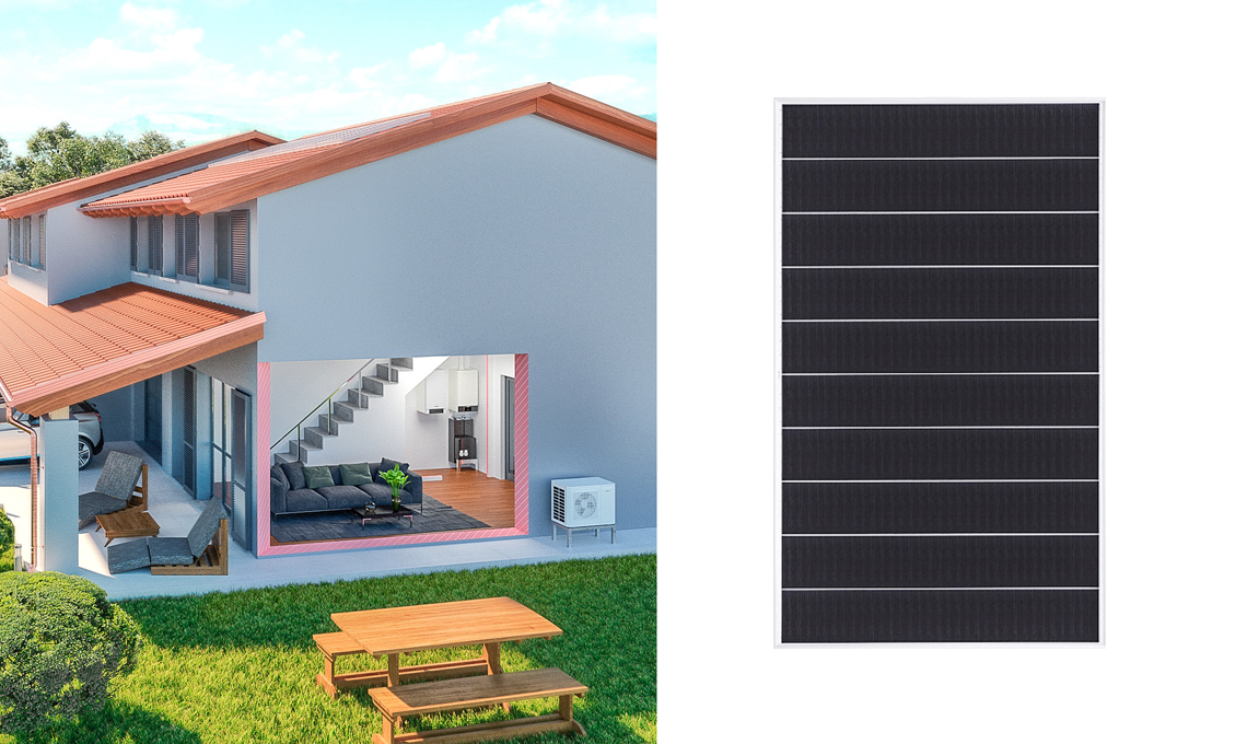 Per l’appartamento e la villetta da 110-140 mq per 4 persone: pompa di calore aria-acqua Vitocal 200-S per il riscaldamento e il raffreddamento integrata con l’impianto fotovoltaico Vitovolt da 6 kW e il sistema di accumulo Vitocharge da 12 kWh. Una soluzione sostenibile per eliminare le fonti energetiche fossili e che, in perfetta sinergia, azzera il costo annuale del gas con un risparmio annuo complessivo dell’85%, pari a circa €940 (€380 grazie alla pompa di calore e €560 grazie all’impianto fotovoltaico con accumulo). La pompa di calore beneficia delle detrazioni fiscali del 65% con sconto immediato in fattura, l’impianto solare con accumulo del Bonus Casa 50% [Viessmann]
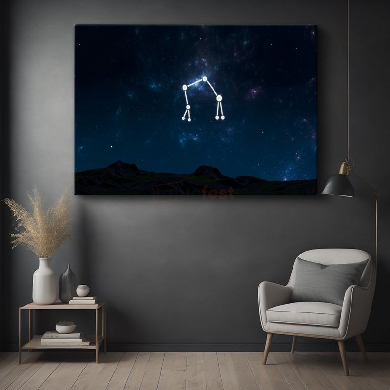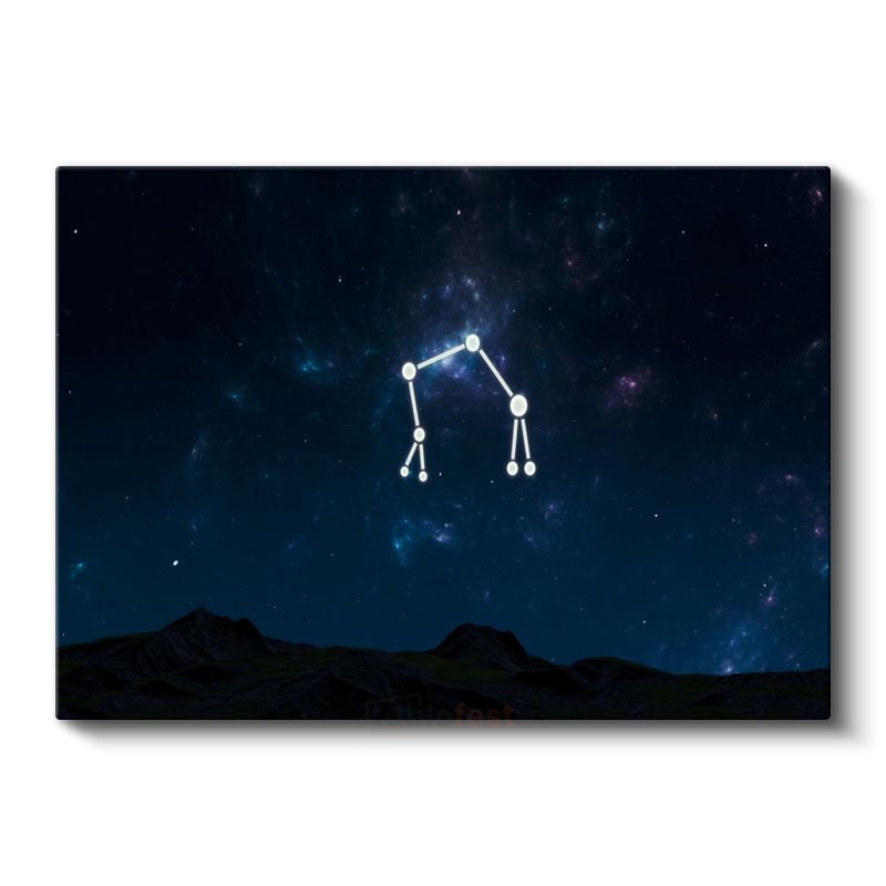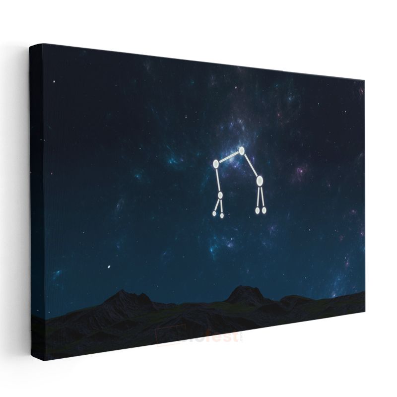 Takımyıldız - Dağ Silüetli Gece Gökyüzü Kanvas Tablo
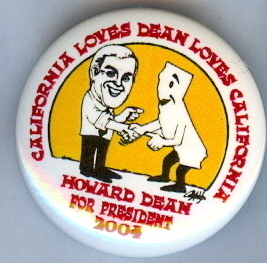 HOWARD DEAN CALIFORNIA 1004 POLITICAL PIN BUTTON
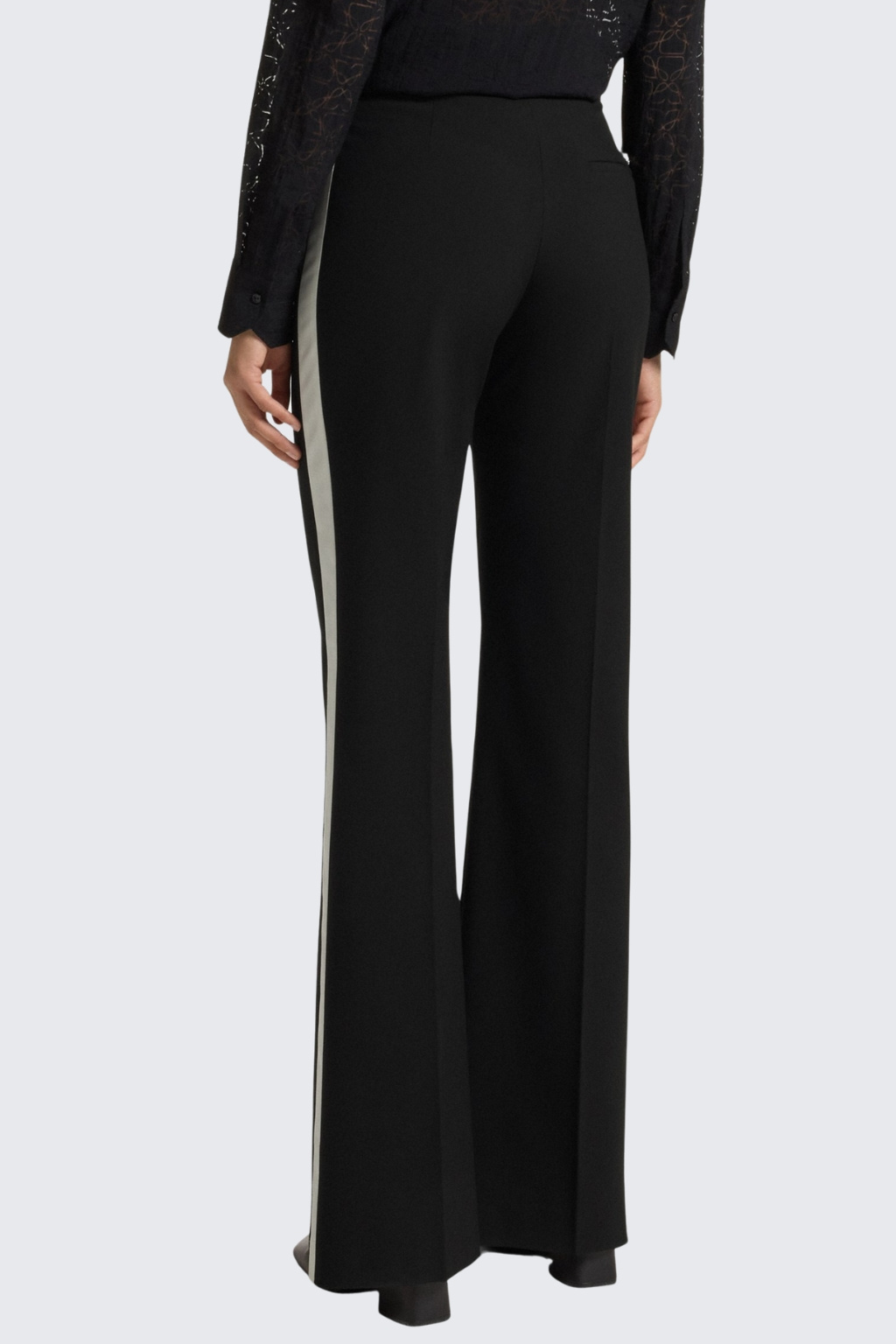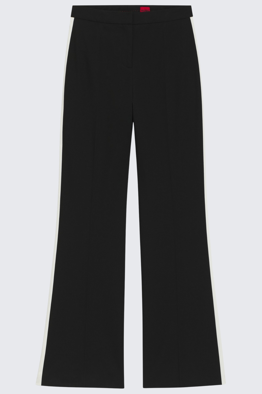 Dámské kalhoty z kolekce HUGO mají volný střih s rozšiřujícími se nohavicemi. Model je vyroben z hladké tkaniny. Má zapínání na zip, knoflík a háček a zažehlené nohavice. Kalhoty mají v pase manžetu a zadní imitaci kapsy, nad kterou je doplněno stříbrné logo značky HUGO.
▬▬▬▬▬▬
What needs to be done
Go through the material above and repeat it exactly. Omit the pictures.

Response area
 Per l’appartamento e la villetta da 110-140 mq per 4 persone: pompa di calore aria-acqua Vitocal 200-S per il riscaldamento e il raffreddamento integrata con l’impianto fotovoltaico Vitovolt da 6 kW e il sistema di accumulo Vitocharge da 12 kWh. Una soluzione sostenibile per eliminare le fonti energetiche fossili e che, in perfetta sinergia, azzera il costo annuale del gas con un risparmio annuo complessivo dell’85%, pari a circa €940 (€380 grazie alla pompa di calore e €560 grazie all’impianto fotovoltaico con accumulo). La pompa di calore beneficia delle detrazioni fiscali del 65% con sconto immediato in fattura, l’impianto solare con accumulo del Bonus Casa 50% [Viessmann]
 Takımyıldız - Dağ Silüetli Gece Gökyüzü Kanvas Tablo
 HOWARD DEAN CALIFORNIA 1004 POLITICAL PIN BUTTON
 Dámské kalhoty z kolekce HUGO mají volný střih s rozšiřujícími se nohavicemi. Model je vyroben z hladké tkaniny. Má zapínání na zip, knoflík a háček a zažehlené nohavice. Kalhoty mají v pase manžetu a zadní imitaci kapsy, nad kterou je doplněno stříbrné logo značky HUGO.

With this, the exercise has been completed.